By: Kevin Scott, Partner of DeWitt Ross & Stevens

Time is money.

We’ve all heard it, we’ve all said it. But how many of us are mindful of it on a consistent basis as we conduct our business every day?

Time is what we sell in legal services. I charge clients a certain amount of money per hour of my time, which I then use to help them resolve their legal issues. The value of an attorney’s time is as clearly defined as it is in any industry.

Nonetheless, attorneys still need to see that defined value translate into actual dollars every month. I cannot charge a client my full hourly rate for routine filing, opening the mail, or for performing the myriad of administrative tasks that go along with operating a law practice. Therefore, as much as possible I try to delegate these tasks to our outstanding paralegals and administrative staff.
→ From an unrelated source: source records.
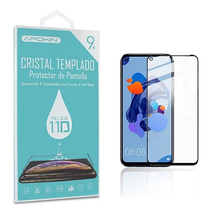 Protector de Cristal Full Glue 11D Premium (Pegamento Completo) para Huawei NOVA5T,HONOR20,Mate 30 Lite en color Negro. Cobertura Total de la pantalla, protege tu teléfono con la garantía y calidad de la marca APOKIN.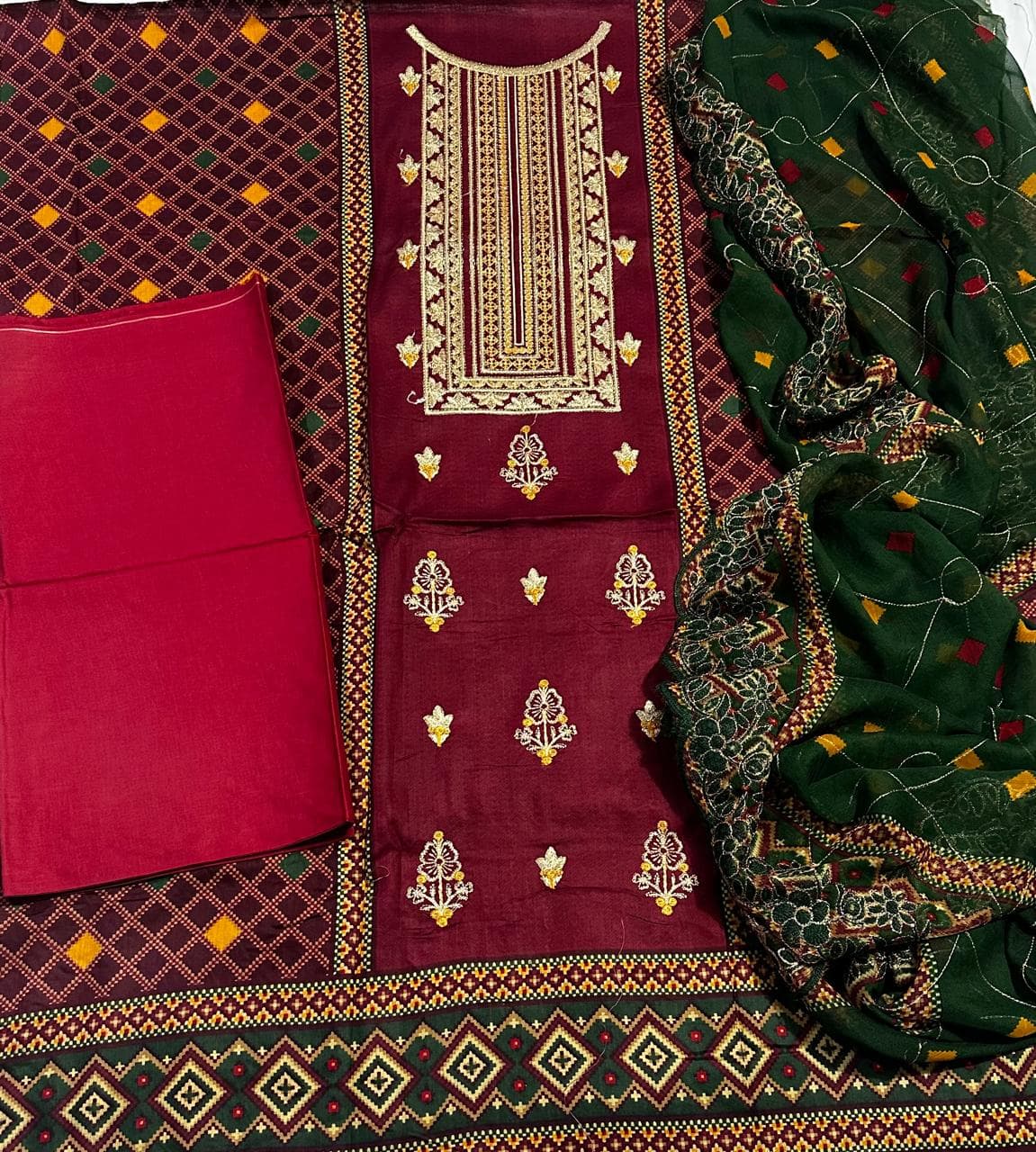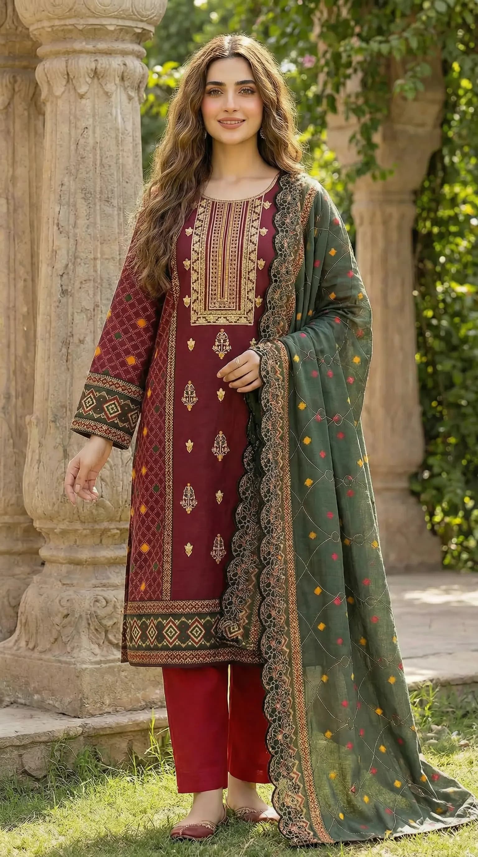 Patches & Details: Printed lawn shirt with fine embroidery Premium quality, soft and breathable lawn fabric Plain lawn trouser for a clean, elegant look Lightweight chiffon dupatta with delicate cut-work Unstitched 3 piece women suit Ideal for Pakistani summer wear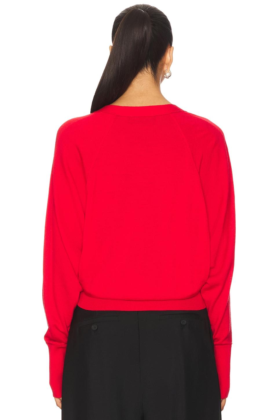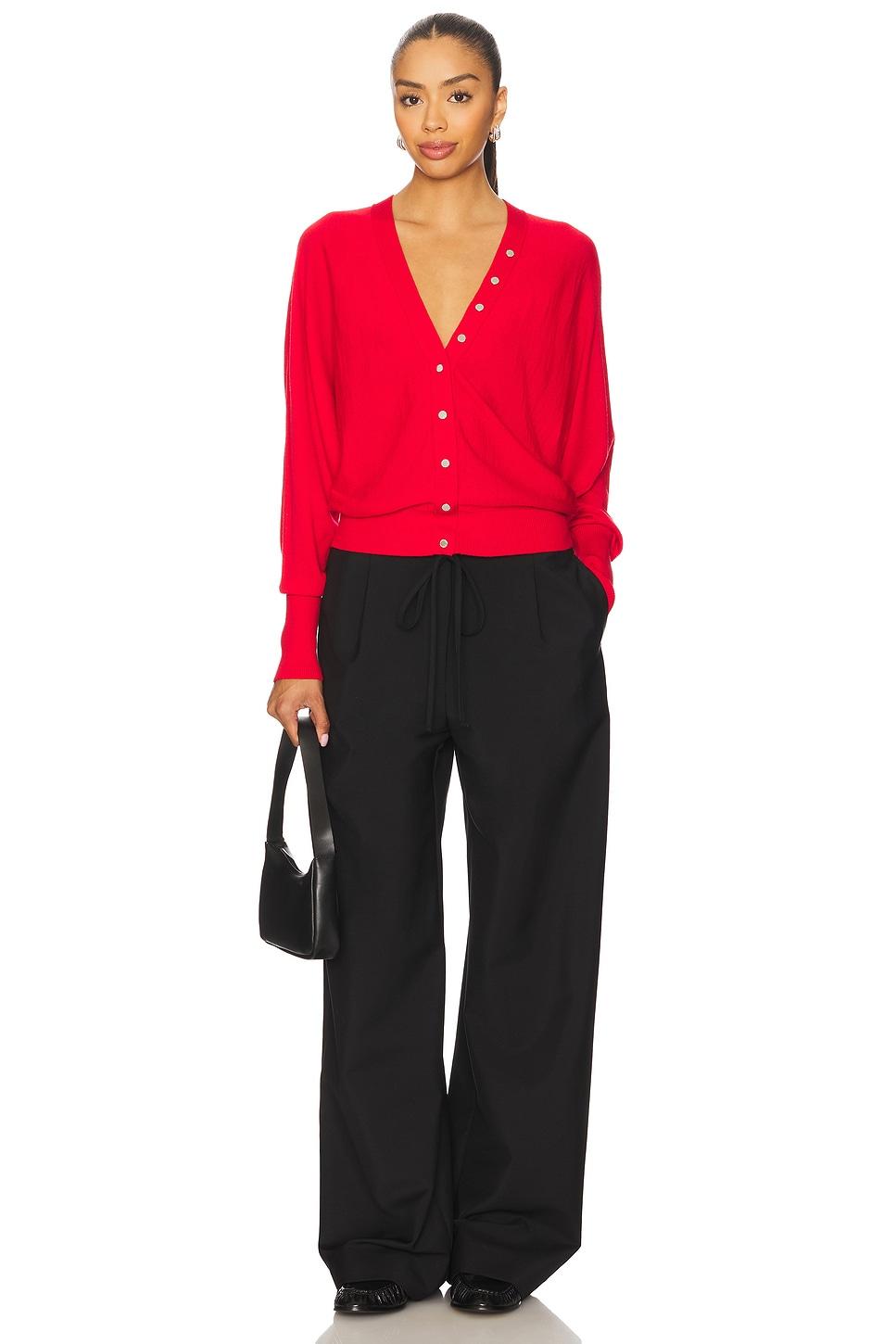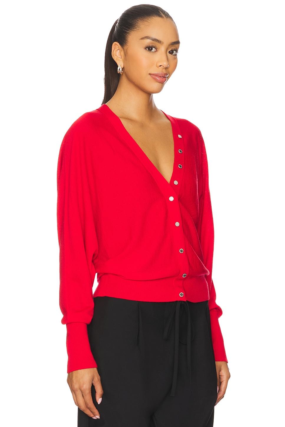 Body: 100% wool Trim: 85% wool, 13% polyamide, 2% elastane. Hand wash recommended. Front silver-tone snap button closure. V-neck design. Ribbed trim. Cropped fit. Midweight knit fabric. Made in China. Revolve Style No. ALLR-WK126. Manufacturer Style No. W002KD.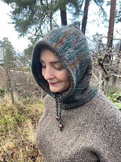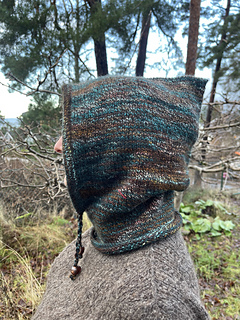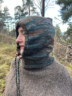 Hetten er vid og dyp. Den kan snøres godt sammen rundt ansiktet med tråd i løpegangen.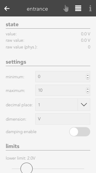 Minimum and maximum limits of the measured value. These inputs must be taken from the description of the sensor used. For example, you wish to measure the humidity in a room and use a sensor with a 0-10V output signal. The sensor documentation tells you that the sensor can measure humidity from 0% to 100%. The minimum limit is hence 0 and the maximum limit is 100.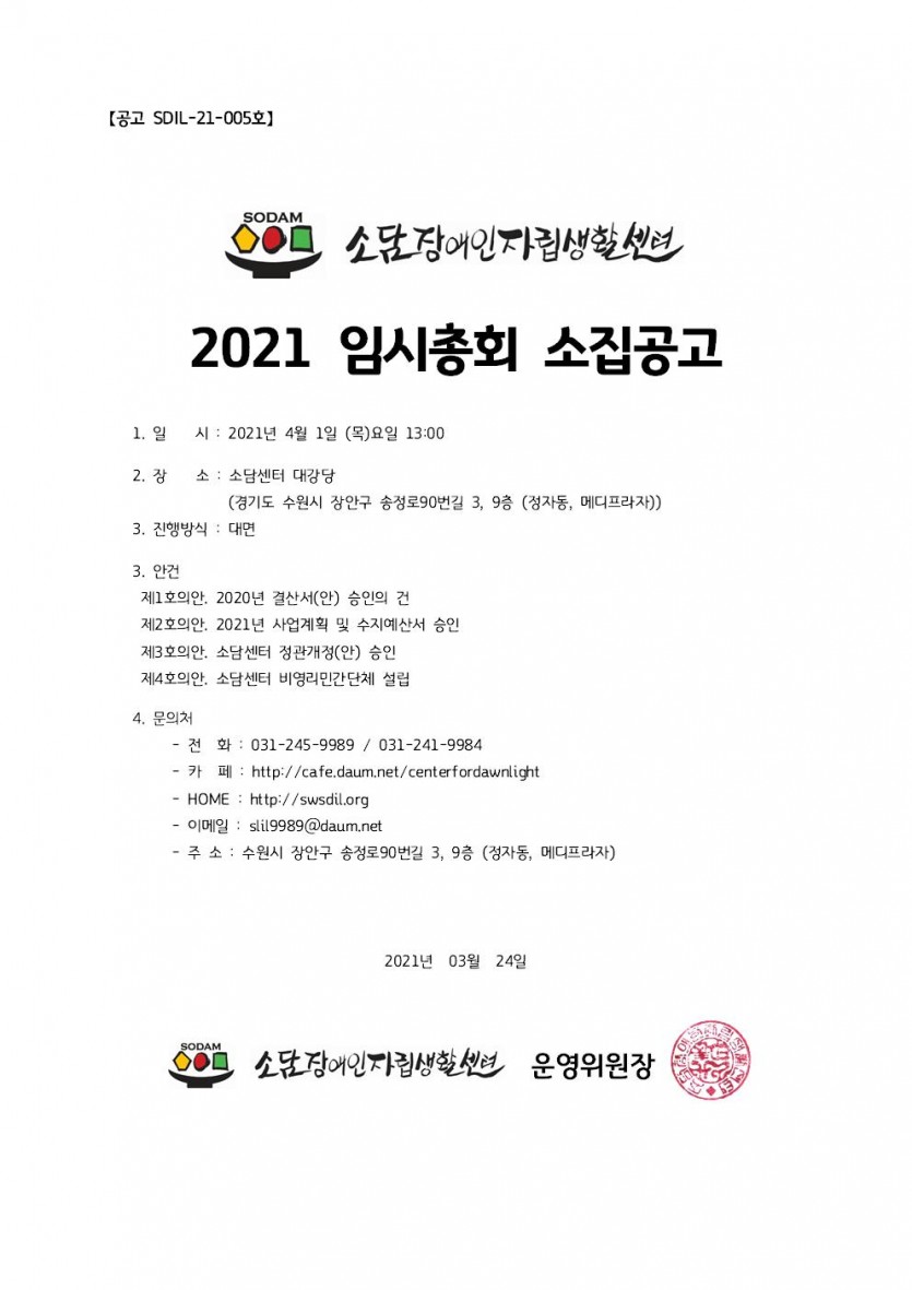 2021 소담센터 임시총회 소집공고 페이지 정보 작성자 소담센터 댓글 0건 조회 1,358회 작성일 21-03-24 18:15 본문 공고문과 같이 임시총회를 개최합니다. 목록 이전글[체험홈 코디네이터 채용] 최종합격자 공지 21.03.26 다음글[체험홈 코디네이터 채용] 서류전형 합격자발표 21.03.23 댓글목록 댓글목록 등록된 댓글이 없습니다.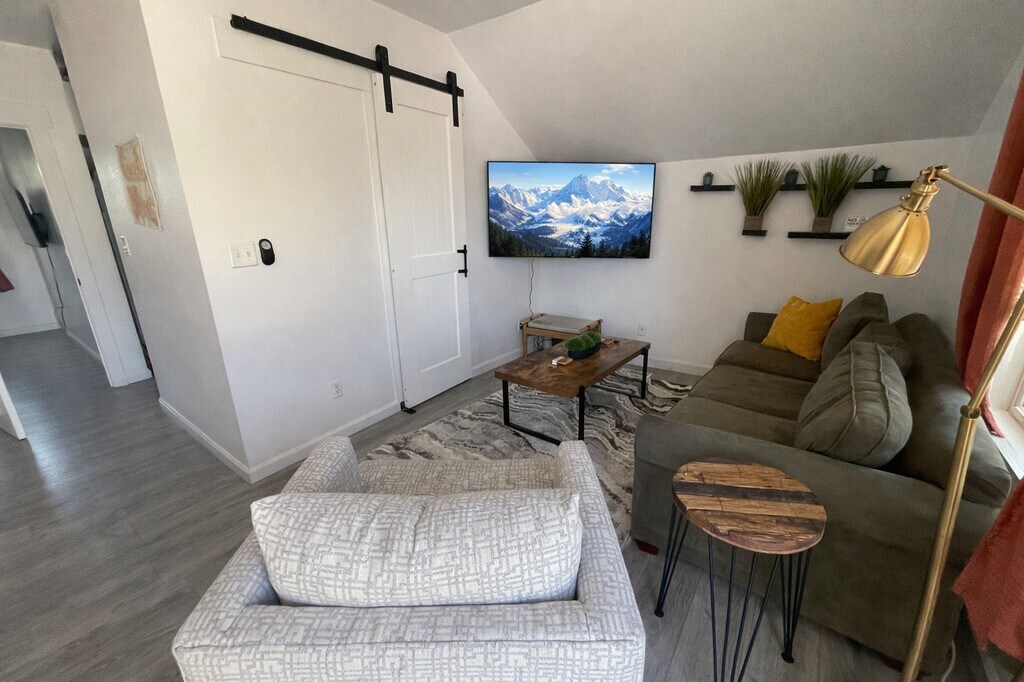 Feel at home in this bright, modern upper-level apartment in the heart of Colorado Springs. The space features a comfortable living area with a sofa sleeper and smart TV, a fully equipped kitchen with stainless steel appliances, and clean, contemporary finishes throughout. The bedroom has a queen bed with quality linens and an open closet system. A full-sized stackable washer and dryer are included. Enjoy your private outdoor seating area with unique Colorado-inspired ski chairs, a firepit and a gas grill. This apartment is located in a neighborhood in Downtown Colorado Springs with a mix of residential and commercial properties. It's within walking distance of area restaurants and bars. Ubers, scooters, and electric bikes are available in the area. No pets and no smoking are allowed. [SI]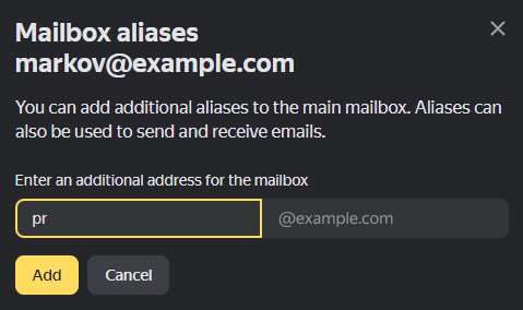 A mailbox in Yandex Mail can have multiple addresses: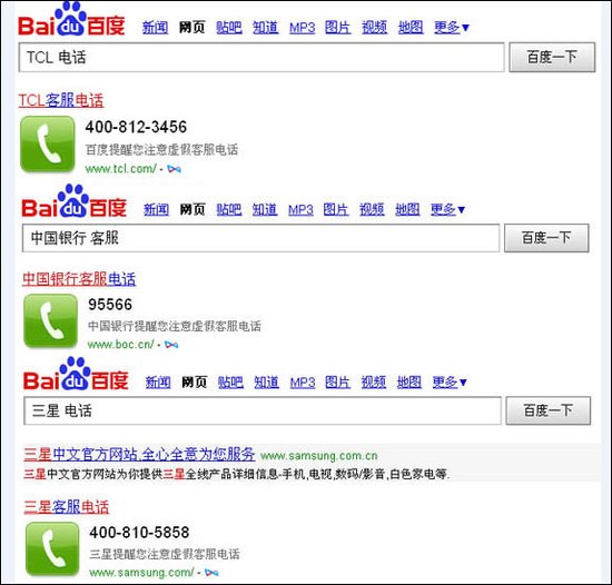 据了解,用户在百度搜索“海尔 维修”、“AO史密斯 售后”、“长虹 客服”等多个关键词时,搜索结果的显著位置呈现官方客服电话,并提醒用户注意防范虚假客服电话。截止目前,国美(微博)、奥迪、中国银行、三星、中国人寿等数千家知名企业已加入其中,通过优质内容正向引导的方式,避免大量用户因误入山寨网站而上当受骗。

As a small business owner, you as well are acutely aware of the need to have your time translate into dollars at the end of the month. However, do you know the value of your time? Even if you do know that value, are you actually spending your time performing tasks that will not only bring that value in return, but hopefully increase your time’s value in the future?

I suggest that, if you haven’t already done so, that you calculate your “hourly rate.” Take the amount that you would like to make this year and divide it by 2,000 hours—50 forty-hour weeks (I realize that for many of you the idea of a forty-hour week or taking a  vacation is a foreign concept, but bear with me.) This will give you a rough idea of the value of each hour of your time.

Once you do so, start examining whether you are spending your time during your workday performing tasks that are at that “pay grade.” Many business owners fall into the trap of performing tasks that are well below their skill level and/or position in the company. Editing timesheets, moving product around the warehouse on the forklift, cleaning bathrooms, etc.

Let’s say you calculate your time to be worth $100 per hour. Would you pay someone $100 per hour to drive do basic administrative tasks? Drive a forklift? Perform housekeeping?

No, you wouldn’t. By the same token, it’s a poor business model to pay yourself that much to perform tasks that should be compensated at a much lower rate.

While many small business owners have no choice but to do things that are not CEO-level tasks just to keep the business going, that doesn’t mean that the situation should not change. Look to find opportunities to outsource and delegate lower-level tasks, and you’ll eventually find that your business works better when you are putting your vision and talent to work at a higher level. Doing so will bring the greatest return on the investment of your time now and in the future.